I would love to eliminate the fender antenna on my 1969 GTO (tribute), and while I like the look of the rear power antenna, I understand it would interfere with a rear spoiler, which I intend to add.
Has anyone adapted a 1969 to use the windshield radio antenna? I'm pretty sure the glass is a fit, but there is probably some modification required to the windshield channel to accomodate the connector.
Is there a reason why this is a bad idea?
I'm maybe a year or more away from a re-paint, but if the windshield idea is a bad idea, I'll put a power antenna on it sooner.
Thanks


----------



## ALKYGTO (Mar 29, 2010)

I deleted the fender antenna on my car and ran a "remote" antenna under the dash. Honestly though I can't tell you how it works because for one I have a 12 disk CD player and an ipod plug in.

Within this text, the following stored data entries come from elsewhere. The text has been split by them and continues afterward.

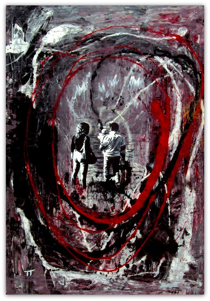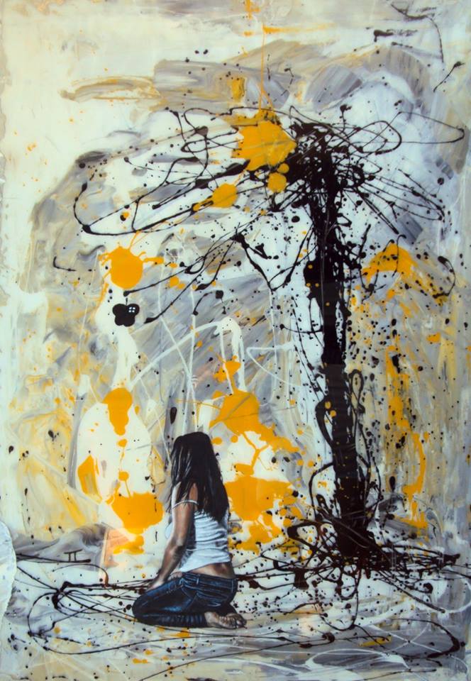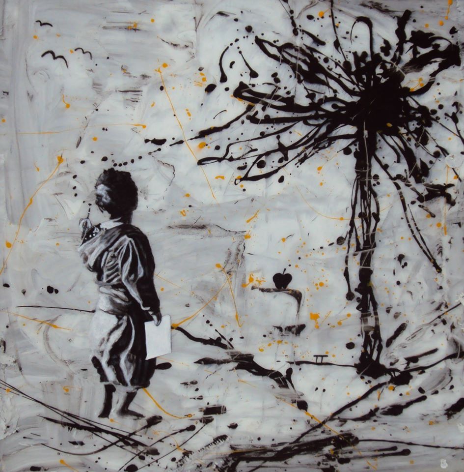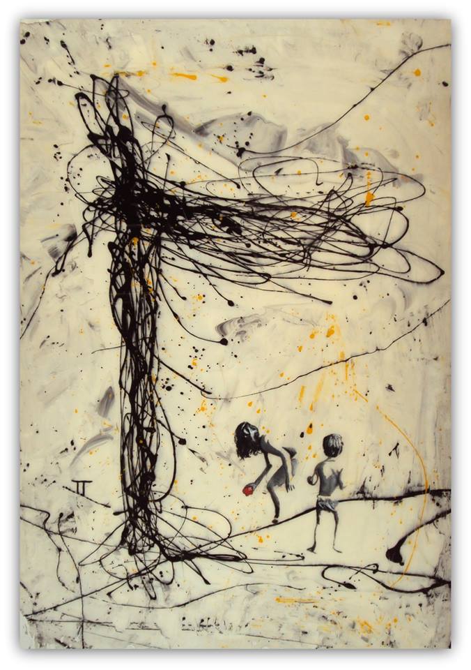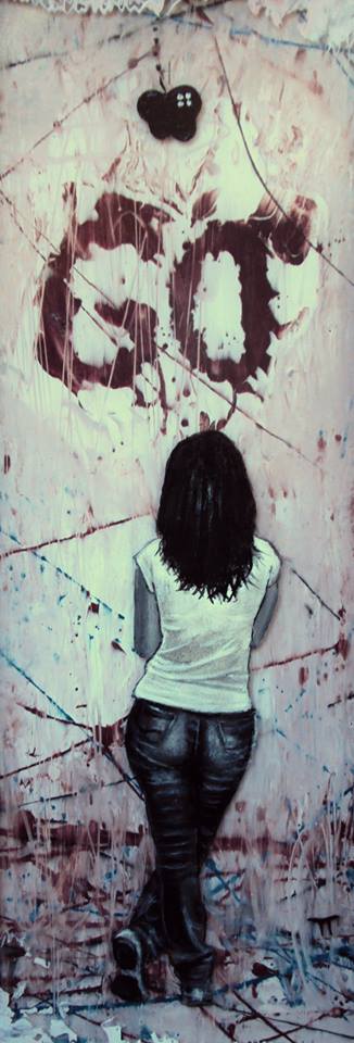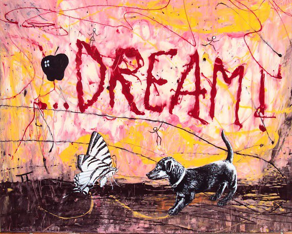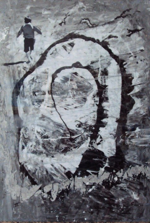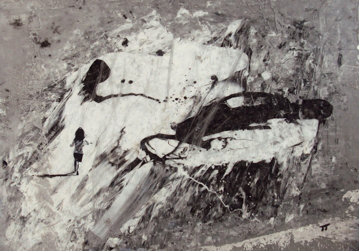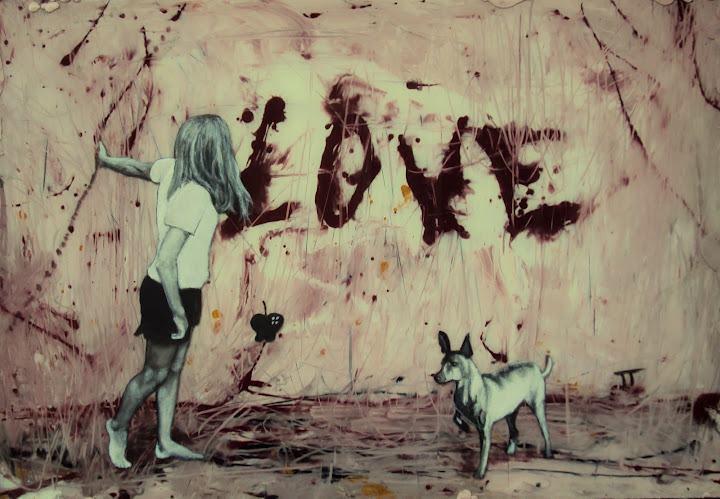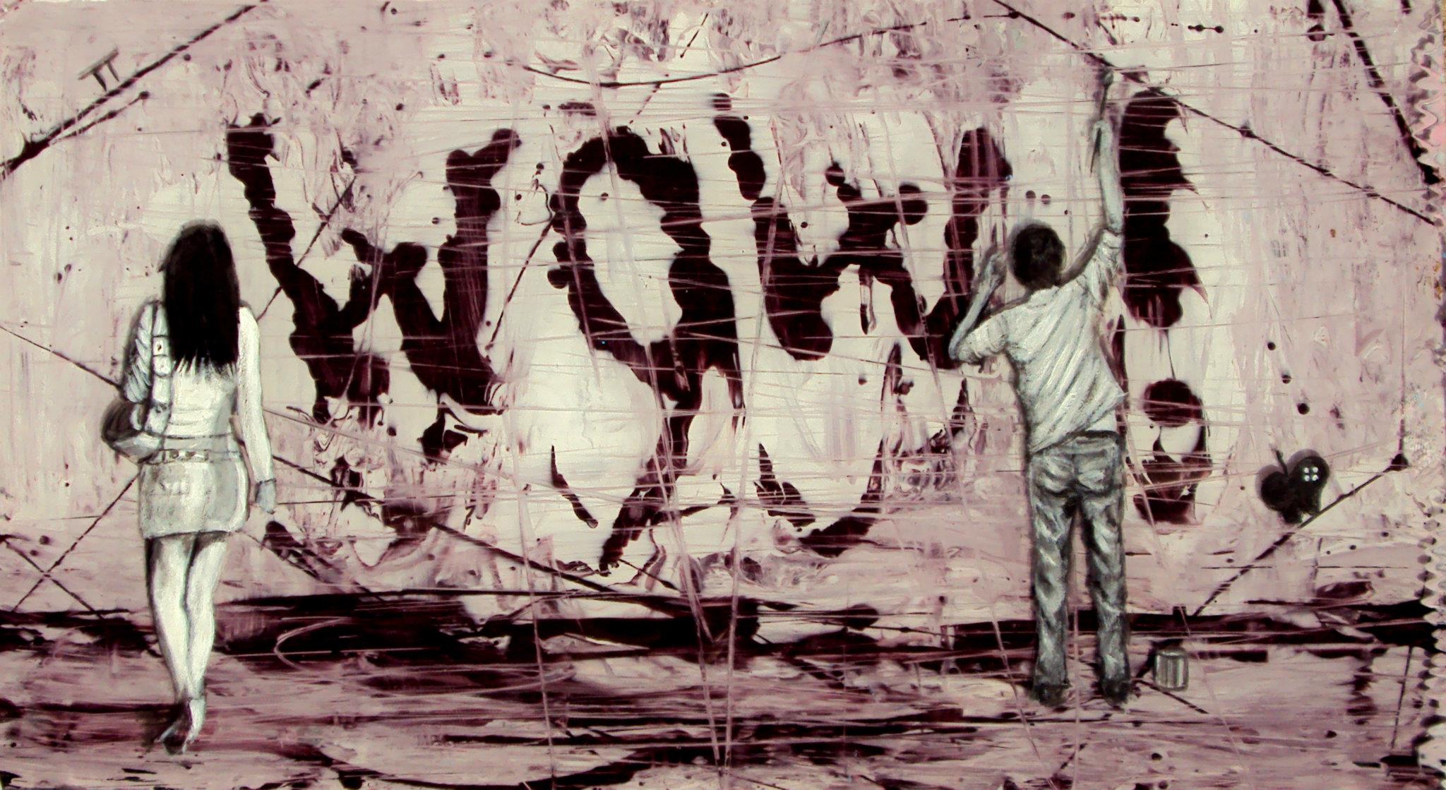 Lorenzo Villa descrive sogni, e lo fa accostando diversi livelli semiotici, inserendo i personaggi in uno scenario moderno eppure indefinito e onirico. Sono bambini e ragazze che camminano e danzano per le strade della periferia urbana, carichi della grazia e del peso delle idee. I pensieri si traducono in messaggi tracciati rapidamente su di una nuova superficie scabra, utile a esprimere l’urgenza delle emozioni. In questo mondo d’intrecci, non c’è spazio per le elaborazioni concettuali: basta una singola parola, uno slogan per trasmettere il significato essenziale do ciò che agita la società. Lo sguardo si sofferma su un frame che blocca un istante fotografico, catturando tutto il dinamismo de un’azione, ma il percorso degli individui si spinge verso altri panorami, questa volta interiori. Ci si ritrova così a contemplare una valle spoglia, (l’esatto contrario della città brulicante), dove solo un albero stilizzato e nervoso, diventa insieme riparo e concretizzazione dell’incertezza psicologica, come se il flusso elettrico dell’attività neuronale si fosse manifestato in una selva di tratti veloci ed esplosivi, vicino al linguaggio del fumetto d’autore. I cani, una bimba, un uomo… i protagonisti sono fermi davanti all’orizzonte, quasi in attesa di Godot e la loro mente si apre al futuro e si chiude in una riflessione totalmente privata. In ogni caso resta un leggero alone spirituale che modula la declinazione dei desideri e di una bellezza ermetica, sfiora la trascendenza mistica di un portale perso in lontananza o si distingue nelle forme scherzosamente ritagliate nella natura. L’uso bilanciato di pochi colori, che spiccano sui toni del bianco e nero, sottolinea il duplice spostamento, (reale e metaforico), e il ritorno costante di alcuni elementi chiave: è un lavoro di sottrazione che sembra voler dar corpo e movimento a quelle immagini che nascono dal fondo della coscienza e s’imprimo sulla retina. L’utilizzo di materiali innovativi dà allo spettatore l’impressione di poter toccare la magia delle lastre lisce e modernissime che si possono porre in sequenza per ricostruire un codice che mescola l’attenzione al dettaglio figurativo e una deriva percettiva astratta.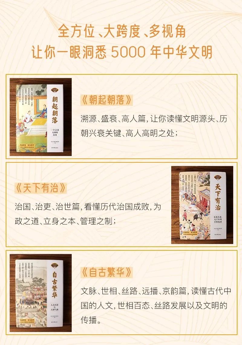 三本書,3大視角,11個主題,240多篇文章,全方位講述了中國古代五千年的悠久歷史,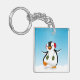 En söt vinterillustration med en klumpig penguin på bra humör med handskar och handdukar som går i snö.

 That and I have'nt listened to the radio in my car for years because the engine makes it's own beautiful music. I'm actually going to take it all out this year to save wieght and complications under the dash as it's all mounted in the glove box.


----------



## TK69tempest (Feb 28, 2011)

I installed a windshield w/ antenna on my '69 Tempest. All that is required is a small hole drilled in the cowl at the base of the windshield for the pig tail to feed through - there are pictures on the net that show where. The antenna pigtail is available from many sources and seals itself when you screw it in place - then you plug the windshield lead into the pigtail. I don't know how well the antenna works yet because I haven't installed a stereo yet - that's a few months away still...


----------



## 67GTOCoupe (Mar 6, 2013)

Dad had a 70 Rivera with the optional windshield mounted antenna. Bought it brand new and I remember the day he drove it home. 
As for the antenna reception it was horrible and I remember Dad constantly complaining about the horrible reception and that was when the car was brand new in 70. It gave the car a nice clean look with no ugly antenna hanging on the fender but it never did work as good as a standard antenna.


----------